Beyond ordinary mood swings — what the diagnosis actually looks like, and what evidence-based care involves

CHC Counseling TeamMay 18, 20269 min read
In this article
  1. What Bipolar Disorder Actually Looks Like
  2. Why Bipolar Is Frequently Misdiagnosed
  3. How Bipolar Disorder Is Diagnosed
  4. Evidence-Based Treatment for Bipolar Disorder
  5. What Therapy at CHC Looks Like for Bipolar
  6. What You Can Do This Week
  7. Frequently Asked Questions
  8. When to Seek Professional Help
  9. References

Bipolar disorder is a chronic mood condition involving distinct episodes of elevated mood (mania or hypomania) and depression, typically separated by periods of stable mood. It is not the same as ordinary mood swings, irritability, or having a bad week. About 2.8% of U.S. adults live with some form of bipolar disorder, and with the right treatment combination, stability is genuinely possible.

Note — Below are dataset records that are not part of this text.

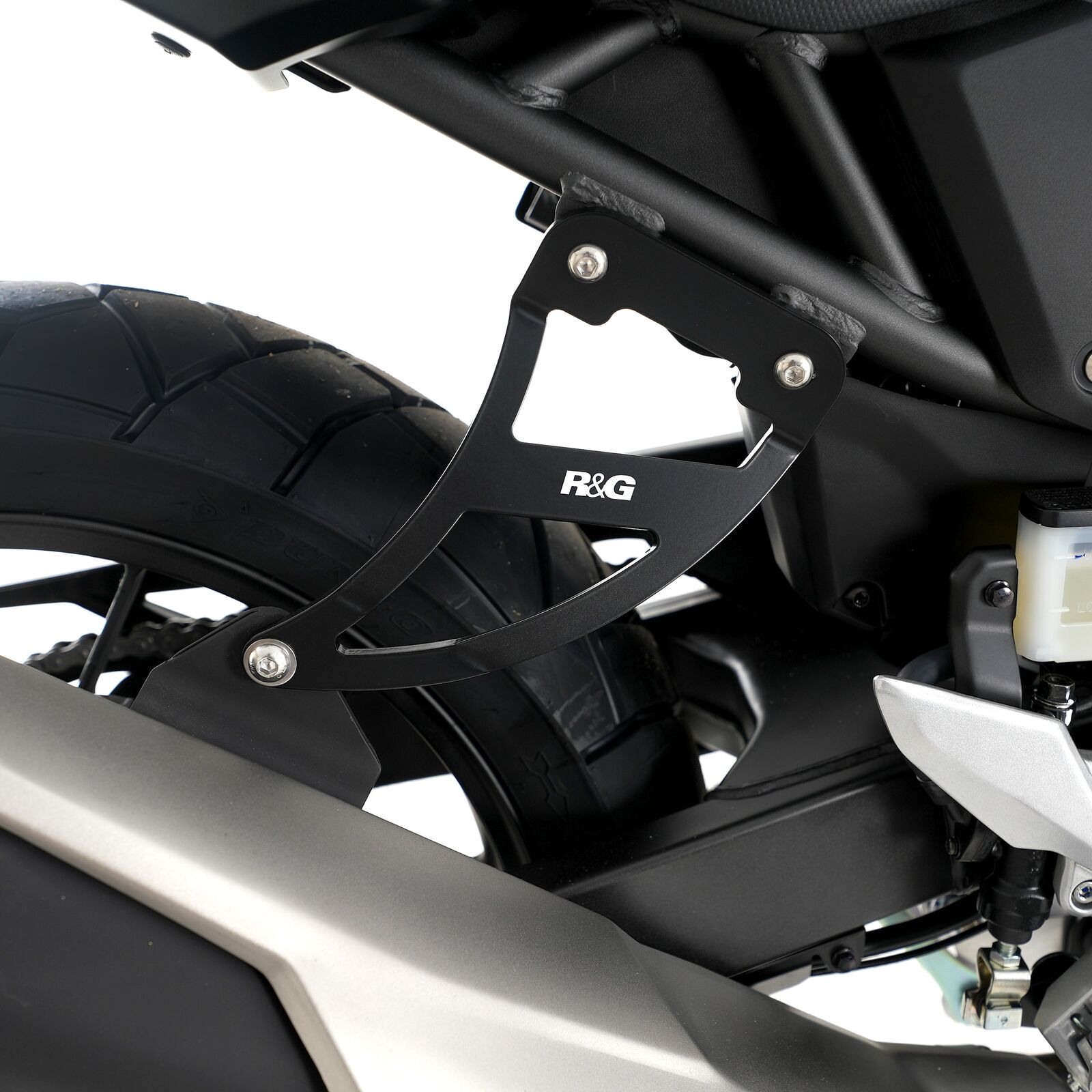 This stylish R&G Exhaust Hanger has been specifically designed for the Honda CB500X '19-23, CB400X '19- & NX500 '24- and not only reduces weight, but also gives the bike a sportier, sleeker look.  With a classy, black, powder coated finish and R&G graphic, it is made from sturdy, aircraft-grade aluminium and will retain its good looks for many years.
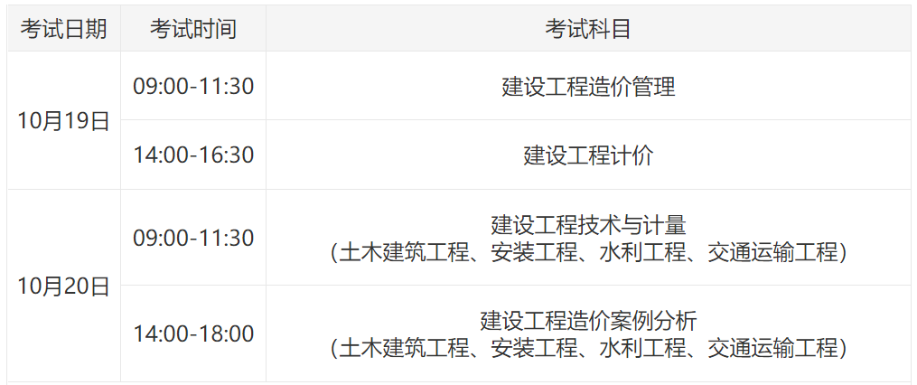 1、考前一定要確認好各科目考試時間,2024年考試時間10月19日-20日,具體考試科目如下:
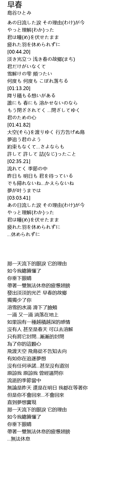 | [00:44.58] | 淡き光立つ 浅き春の故郷(まち) |

If your mood swings between weeks of being on top of the world — barely sleeping, talking fast, taking big risks — and weeks of being unable to get out of bed, that pattern is worth a real conversation with a licensed clinician. This article walks through how bipolar disorder actually presents, why it is often misdiagnosed as unipolar depression, and what evidence-based treatment in Georgia involves.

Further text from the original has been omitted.